**YOUR INSTRUCTIONS**
Tally every line in the following material that has the word "from" in it, and answer with that figure alone.

===== INFORMATION PROVIDED

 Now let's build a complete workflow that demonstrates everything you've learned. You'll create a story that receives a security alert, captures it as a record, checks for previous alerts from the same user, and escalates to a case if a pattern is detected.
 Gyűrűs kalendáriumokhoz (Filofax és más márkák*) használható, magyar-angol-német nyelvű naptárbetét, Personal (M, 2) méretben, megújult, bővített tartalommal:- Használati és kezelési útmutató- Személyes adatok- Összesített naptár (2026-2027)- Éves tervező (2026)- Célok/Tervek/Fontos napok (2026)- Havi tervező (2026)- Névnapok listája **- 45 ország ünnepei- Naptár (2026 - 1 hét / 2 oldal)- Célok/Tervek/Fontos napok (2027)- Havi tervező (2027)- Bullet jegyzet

==========
===== INFORMATION PROVIDED

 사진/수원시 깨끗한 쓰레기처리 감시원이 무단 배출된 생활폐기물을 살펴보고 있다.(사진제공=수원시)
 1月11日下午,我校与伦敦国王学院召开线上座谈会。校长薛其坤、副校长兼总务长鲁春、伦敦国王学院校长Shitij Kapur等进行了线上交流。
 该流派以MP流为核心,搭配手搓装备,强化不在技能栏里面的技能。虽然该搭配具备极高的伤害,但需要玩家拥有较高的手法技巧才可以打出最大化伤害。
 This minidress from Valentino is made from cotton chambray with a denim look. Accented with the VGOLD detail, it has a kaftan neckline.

==========
===== INFORMATION PROVIDED

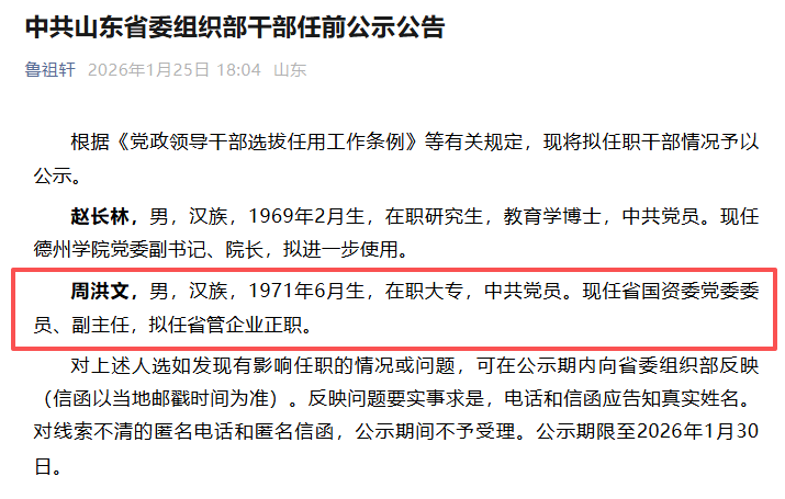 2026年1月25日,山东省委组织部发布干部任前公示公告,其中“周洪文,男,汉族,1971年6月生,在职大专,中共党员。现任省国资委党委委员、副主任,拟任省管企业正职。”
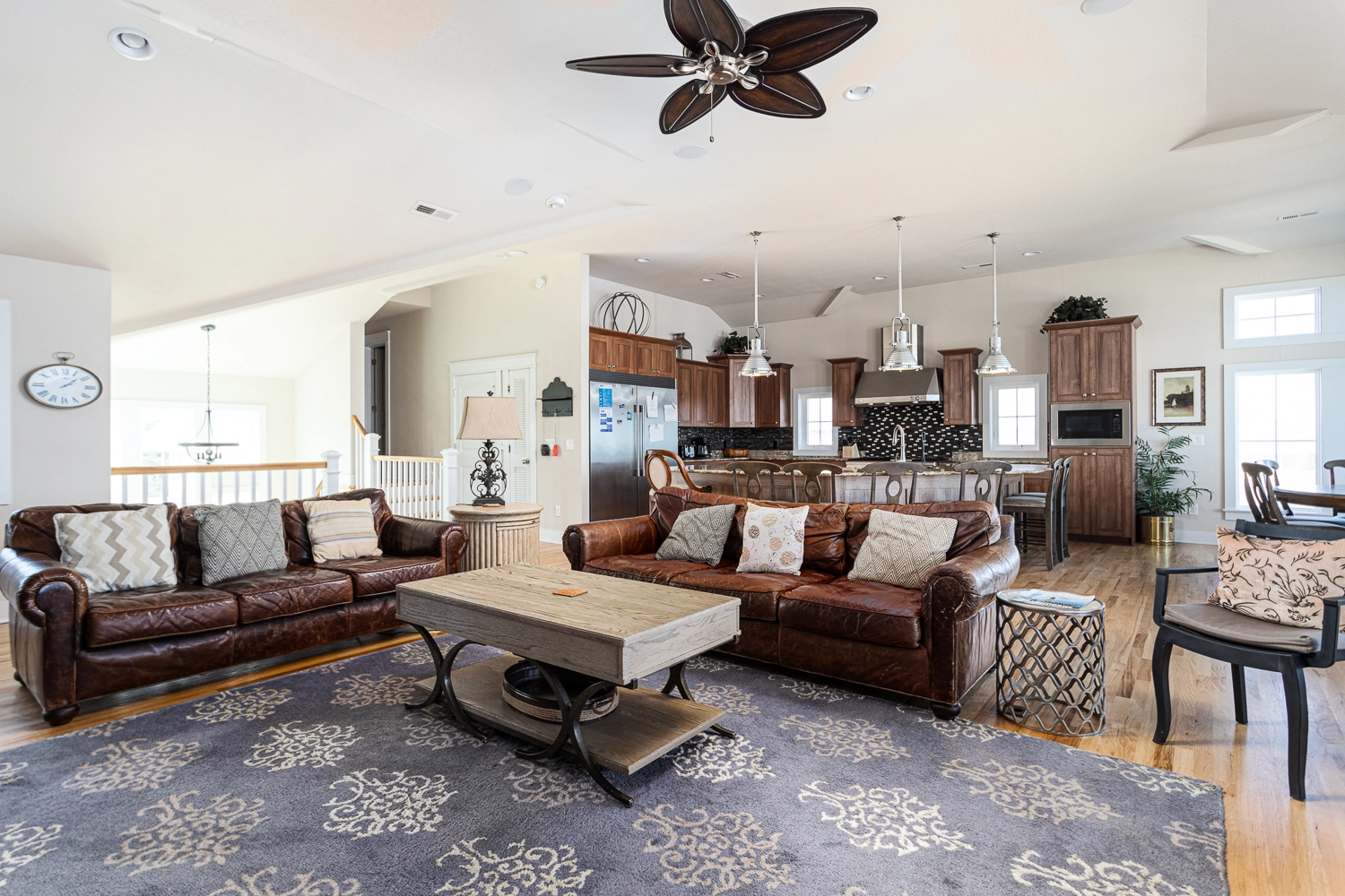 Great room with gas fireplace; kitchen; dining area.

==========

**OUTPUT**
2